Feb 14, 2011 18:04
Addictive though it was, the surge of joyous triumph on the tail of a discovery never seemed to last very long. He'd been ecstatic to finally dislodge the last obstruction in the way of his blueprint's success: he could go home, and tear the empire of the Cybermen apart from the foundation up... and save them at the same time. It would be a painful process, of course, but with a small bracket of practice, a measure of improvement by his own scientists (even if he surpassed them on a larger scale, they were adept at bridging the minuscule but crucial gaps he left behind), and a great deal of compassion and patience alike, the Alliance would succeed, and peacefully.
Why hadn't it lasted longer, that glee? The friends he'd made here would surely encourage it, encourage him to pursue this end. He could always come back. Play the hero, he mused as he shut the door of his cabin behind him. That always seemed to be what it boiled down to here. Playing at some daydream of what he'd once been, only to return here and simply cope.
And it occurred to him as he walked to tell these people of his discovery that... he didn't know if he could come back at all. He stopped a moment to absorb this.
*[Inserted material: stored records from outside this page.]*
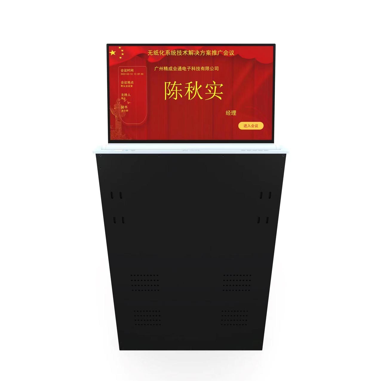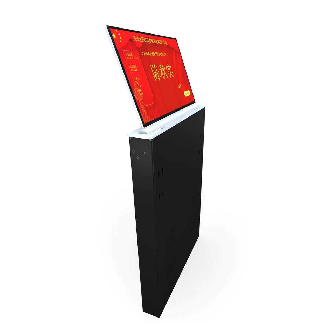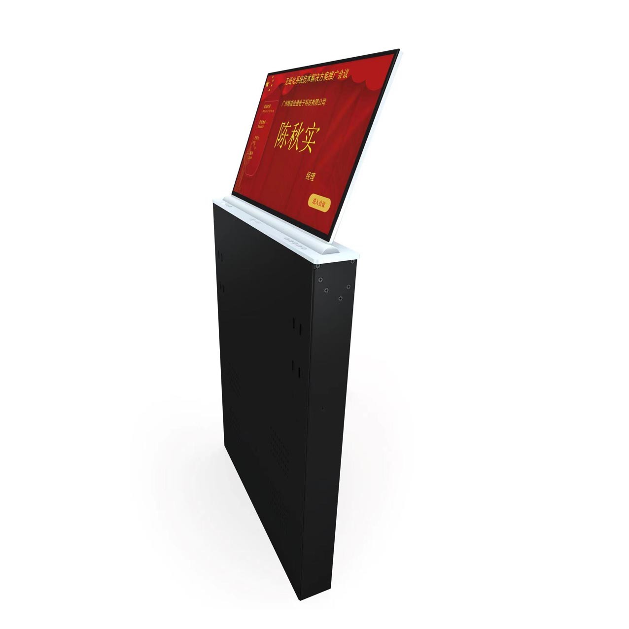 ★7、屏幕上升到位自动仰角度30度,支持0-30后电动调节角度,保证显示器人体工程学更佳观看视角与触控角度;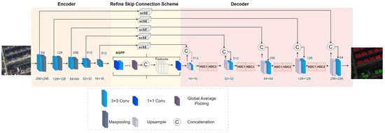 The UNet framework uses a symmetric “U-shape” structure with the same numbers for down-sampling (encoder) and up-sampling (decoder), and both sides of the network are symmetric to ensure the resolution of the input and output images remains constant. Another main feature of the UNet network is skip connections, which connect symmetric down-sampling and up-sampling levels. Feature information at different levels is then fused to reduce the loss of features. This method improves the segmentation results in the details. Therefore, in UNet framework applications, modular improvements can be made in the down-sampling and up-sampling processes, and the skip connection process. In our study, the encoder was enhanced with the ASPP block and the scSE block was embedded in the skip connection. Additionally, the HDC block was implemented within the decoder to facilitate more effective feature fusion.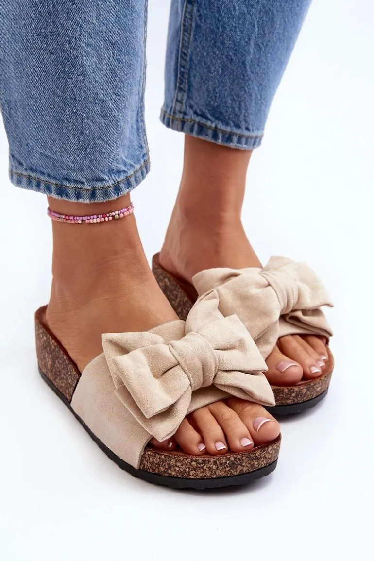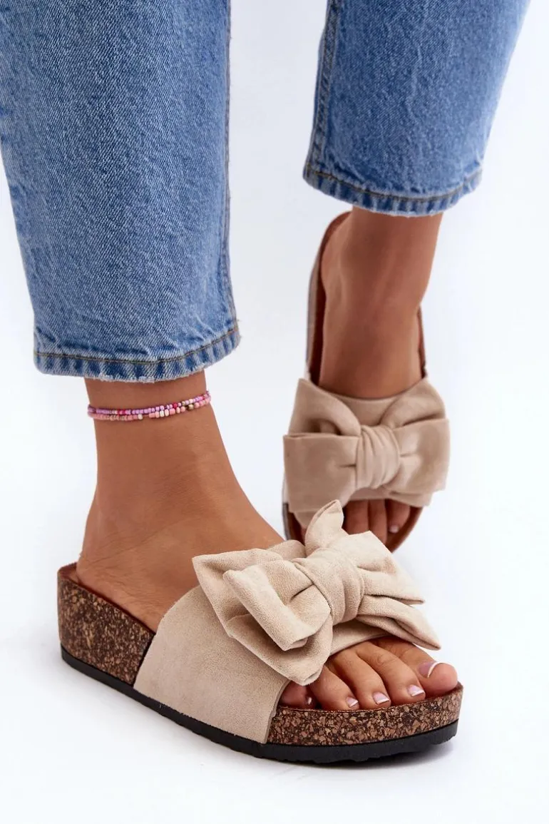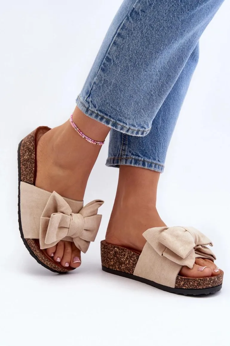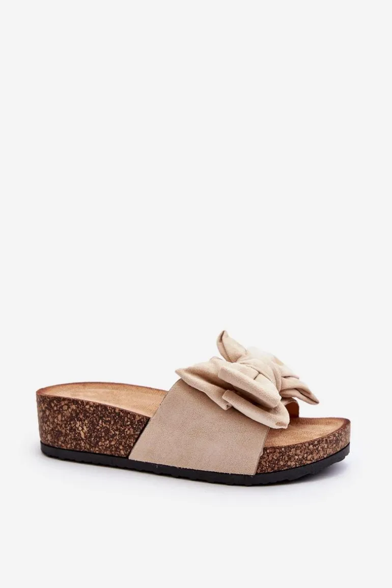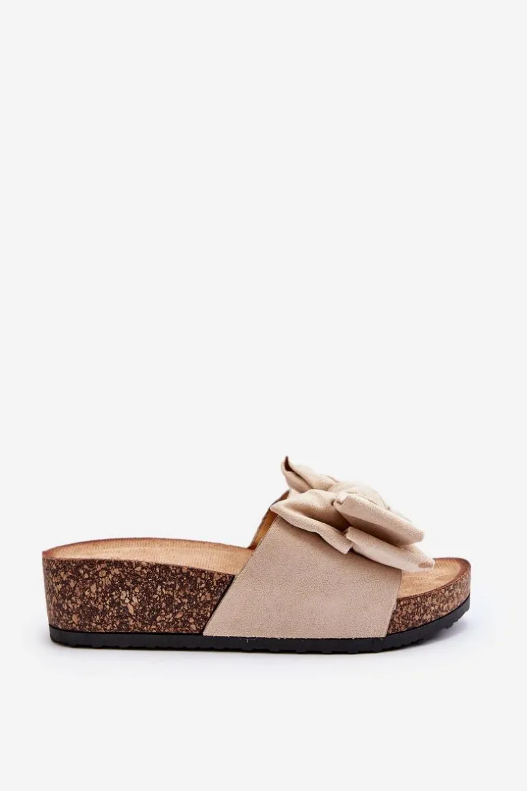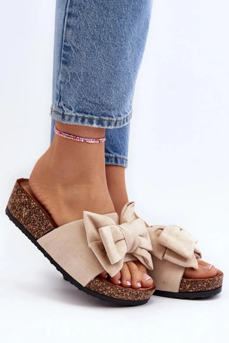 Klapki damskie na korkowej platformie. Buty posiadają lekko profilowaną wkładkę, która zagwarantuje komfort podczas użytkowania. Cholewka wykonana z przyjemnego w dotyku eko zamszu. Urocza kokarda na przodzie. Model ten idealnie sprawdzi się na co dzień, do pracy czy na zakupy. Idealne na upalne dni! Koniecznie powinnaś je mieć! Przy wyborze rozmiaru prosimy sugerować się tabelą rozmiarów.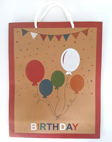 Generic - Kraft Paper Birthday Gift Bags with Printed Designs, Brown Kraft Bags for Valentine’s Day & All Occasions (Kraft Colored Print, Medium, Happy Birthday Balloons)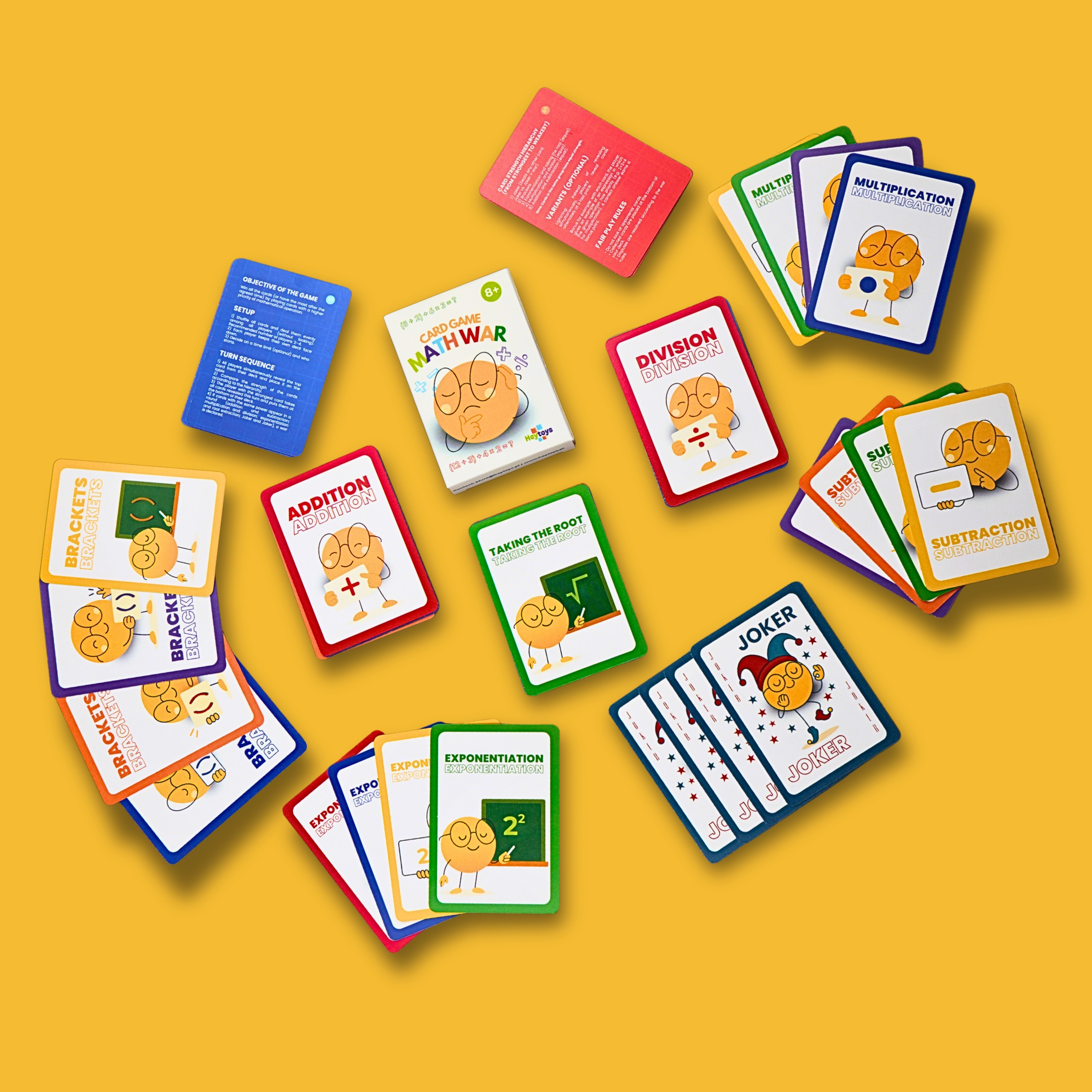 Wojna Matematyczna to szybka, emocjonująca gra karciana, w której liczy się refleks, spryt i dobra znajomość kolejności działań matematycznych. Odkrywaj karty, porównuj ich siłę i zdobywaj całą talię — ale uważaj, bo remis oznacza Wojnę! Ta gra to dynamiczny pojedynek na potęgi, pierwiastki, nawiasy i działania, które trzeba ocenić w ułamku sekundy. Ćwiczy logiczne myślenie, koncentrację, tempo pracy i pewność w liczeniu. Idealna dla dzieci, młodzieży i dorosłych, którzy chcą wzmocnić matematyczne umiejętności w świetnej, pełnej rywalizacji zabawie. Doskonała do domu, szkoły i zajęć rozwijających kompetencje matematyczne.

It had taken months, years even, before, to even pinpoint the proper singularity to reach through, and the second time had been quite by accident. His friends had thought him dead. Martha... Coyolxauhqui had thought him gone. He couldn't do that to them again.
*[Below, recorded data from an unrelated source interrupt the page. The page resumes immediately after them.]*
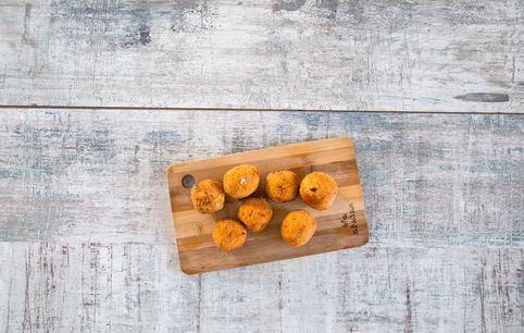 Обваливайте сначала в муке (стряхивайте лишнюю), потом в яйце (стряхивайте лишнее), затем в сухарях (стряхивайте лишние). Аккуратно опускайте во фритюр и жарьте, аккуратно переворачивая шумовкой, до золотисто-коричневой корочки.
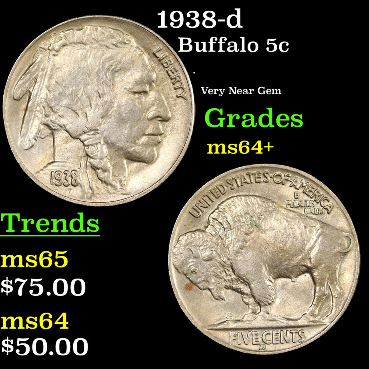 1938-d Buffalo Nickel 5c Grades Choice+ Unc.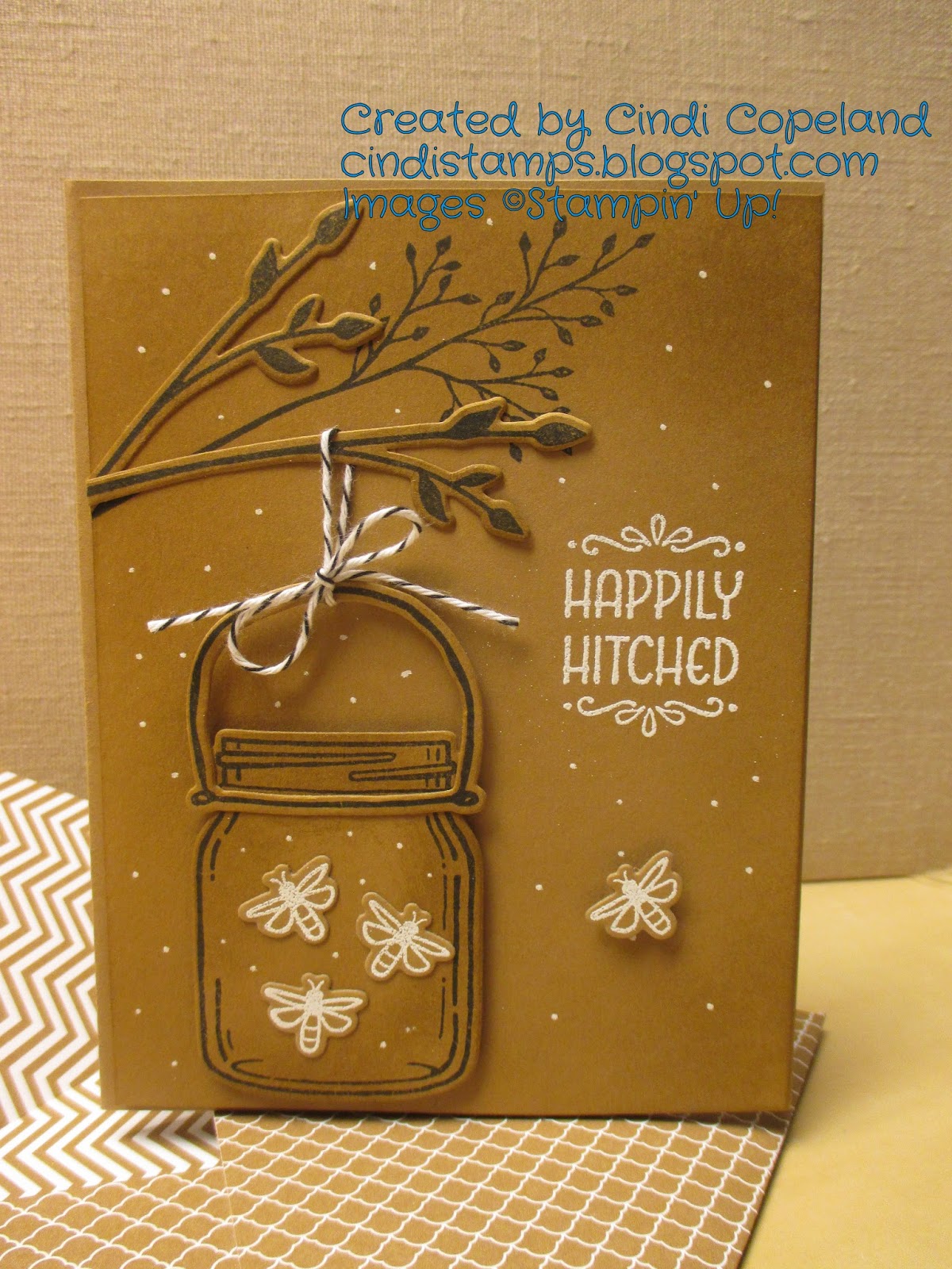 For the card base, I pulled out some retired Baked Brown Sugar cardstock, and used it for all the other elements as well. The branches, jar, and holder are all stamped with Memento Tuxedo Black, and the sentiment and fireflies were stamped with Versamark and heat embossed with white powder. I used a chalk marker to add the dots, and the edges of the card front and the added elements are sponged with Baked Brown Sugar ink.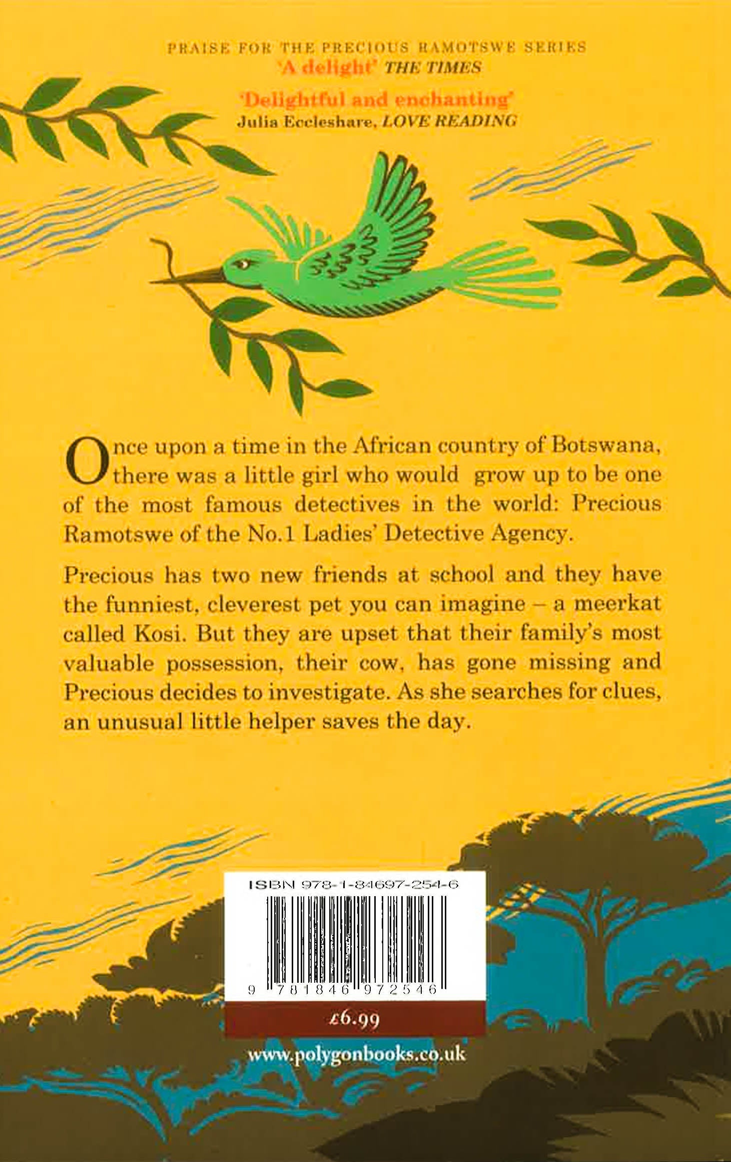 Once upon a time in Botswana in Africa there was a little girl who would later grow up to be a famous detective: Precious Ramotswe of the No. 1 Ladies' Detective Agency. Having already cracked the case of the missing cakes at school, she now has a new mystery to solve. Precious Ramotswe has two new friends at school and they have the funniest and most resourceful pet you can imagine. But they are upset that their family's most valuable possession, their cow, has gone missing. Precious has a plan to find the missing animal but she needs the help of another in her search. Will she succeed and what obstacles will she face on her path? Find out as Alexander McCall Smith tells the story of 'Precious and the Mystery of Meerkat Hill'.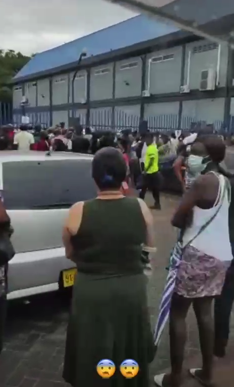 Vanuit een voorbijrijdende auto werden beelden geschoten van de drukte voor de bank en meteen gedeeld op social media.

This wasn't what he was made for at all, anyway. He understood the premise well enough, but slow and steady had never been his pace, aside from reading or tea. It wouldn't be fair, to himself or to any of them, to act as if he meant to return. They probably knew well enough that were he to go once more, he might not even try to come back. One step, and another. Wouldn't be fair.
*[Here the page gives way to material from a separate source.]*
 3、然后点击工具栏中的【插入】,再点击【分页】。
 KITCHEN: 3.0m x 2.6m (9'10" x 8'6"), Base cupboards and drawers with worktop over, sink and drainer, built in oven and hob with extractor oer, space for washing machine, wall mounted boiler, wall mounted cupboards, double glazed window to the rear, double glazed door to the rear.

He always had been one for quick decisions.
Her chamber was his last visit. Everyone he cared for here had been seen, and for better or for worse, the mutual understanding had been achieved and acknowledged. He glanced up to the door, half in dread and half in pride. Coyolxauhqui. The goddess, the moon, and the warrior. A figurehead of his greatest point of contention with the Admiral: his own knowledge that gods, true gods of any sort, didn't belong here.
Ever since the tragedy the month before, he'd been swayed once more out of his sense of being betrayed, bit by small bit... through her small struggles and honest efforts, more than anything. He still kept her fettered by his restrictions, but these were the only measures he could think to reach her at all with, and she'd grown away from them admirably.
They hadn't spoken of that night ever again, to each other or to anyone else (that he knew of, anyway), but it still caught at the edges of his mind. He'd allowed her to sway him then, too, to touch him and plead with him, and then, he'd had an inkling of an ulterior motive, though he hadn't known what it could be. Why had he let it pass? Curiosity was no excuse; there was very little to be curious about in this place anymore. He remembered her struggle with words then, her frustration at... him? Herself? It didn't matter. A spot of phantom warmth bloomed on his face, remembering again. And the ensuing ache at the pit of his chest. He didn't know whether he was in the corridor of a hub ship, or on a beach years ago with a lack of the right words to give to another woman, just as ageless, just as lovely, just as wilful and fierce.
But that was the only similarity, really. The lack of words. Oh, she was going to be angry.
With a steadying breath, he knocked.